Désiré Doué continua a sorprendere e a prendersi la scena europea. Nella notte del Parco dei Principi, il talento francese ha sbloccato la sfida tra Paris Saint-Germain e Liverpool valevole per l’andata dei quarti di finale di Champions League. Una rete pesante, non solo per l’economia del match, ma anche per il significato simbolico che porta con sé. A soli 20 anni e 309 giorni ha raggiunto quota 10 gol nella massima competizione europea, diventando il sesto giocatore più giovane di sempre a tagliare questo traguardo. Come riferisce Opta, il classe 2005 ha superato Javier Saviola (21 anni e 90 giorni) mentre hanno fatto meglio di lui Karim Benzema (20 anni e 307 giorni) Jude Bellingham (20 anni e 153 giorni), Erling Haaland (19 anni e 212 giorni), Kylian Mbappé (18 anni e 350 giorni) e Lamine Yamal (18 anni e 248 giorni).

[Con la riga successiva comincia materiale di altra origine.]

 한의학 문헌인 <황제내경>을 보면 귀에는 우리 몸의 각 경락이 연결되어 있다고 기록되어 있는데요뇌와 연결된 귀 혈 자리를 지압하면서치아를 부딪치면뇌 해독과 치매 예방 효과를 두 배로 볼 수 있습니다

I numeri di Doué: un talento precoce tra i grandi d’Europa
Il percorso europeo di Doué racconta di un giocatore già maturo, capace di coniugare qualità tecniche, personalità e freddezza sotto porta. Arrivare così presto in doppia cifra in Champions League è un’impresa riuscita solo a pochi eletti, spesso destinati a carriere di altissimo profilo. Ciò che colpisce, oltre ai numeri, è la naturalezza con cui il classe 2005 si muove in campo: Doué non sembra soffrire la pressione, anzi la trasforma in energia positiva. La sua versatilità offensiva gli consente di essere pericoloso sia partendo largo sia accentrandosi, mentre la rapidità di esecuzione lo rende un’arma letale negli ultimi metri.

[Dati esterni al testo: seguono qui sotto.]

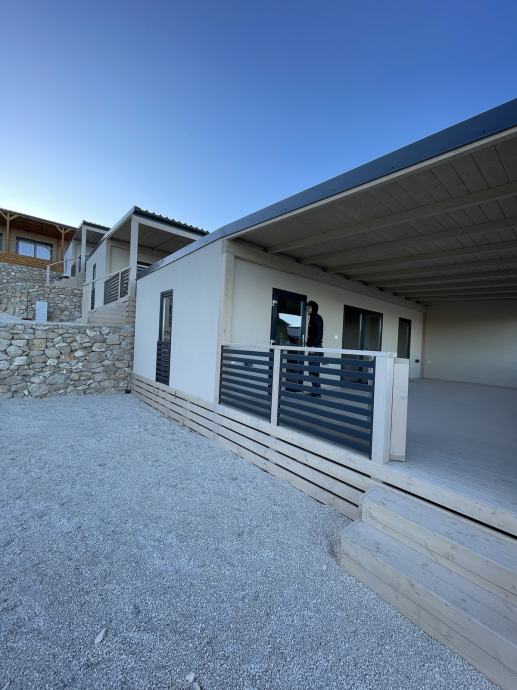 Mobilne kućice u dimenziji 8,5m x 4m, sa terasom u istoj dimenziji nalazit če se cca 200 m od mora. Kapacitet kućice bit če 4+2 osebe, imat če dvije spavače sobe i dva kupatila. Kuhinja če biti opremljena sa velikim hladnjakom, steklokeramičkom plinskom pločom, napom i perilicom posuđa. Sve kućice čeju imati električki bojler, klimu (A/C), TV i perilicu rublja. Sva bijela tehnika imat če 2-5 godina garancije.

PSG, Doué protagonista del presente e del futuro europeo
In una squadra ricca di talento come il PSG emergere non è mai semplice, eppure lui si sta ritagliando uno spazio sempre più importante, diventando una risorsa fondamentale nello scacchiere offensivo di Luis Enrique. Il gol contro il Liverpool è un segnale chiaro: i parigini possono contare su un nuovo gioiello per il presente e soprattutto per il futuro. In una competizione come la Champions League, dove esperienza e mentalità fanno spesso la differenza, vedere un giocatore così giovane incidere con questa continuità rappresenta un valore aggiunto enorme. La sensazione è che Doué abbia appena iniziato il suo percorso ai massimi livelli. E se questi sono i presupposti, il suo nome è destinato a restare a lungo tra quelli più rilevanti del calcio europeo.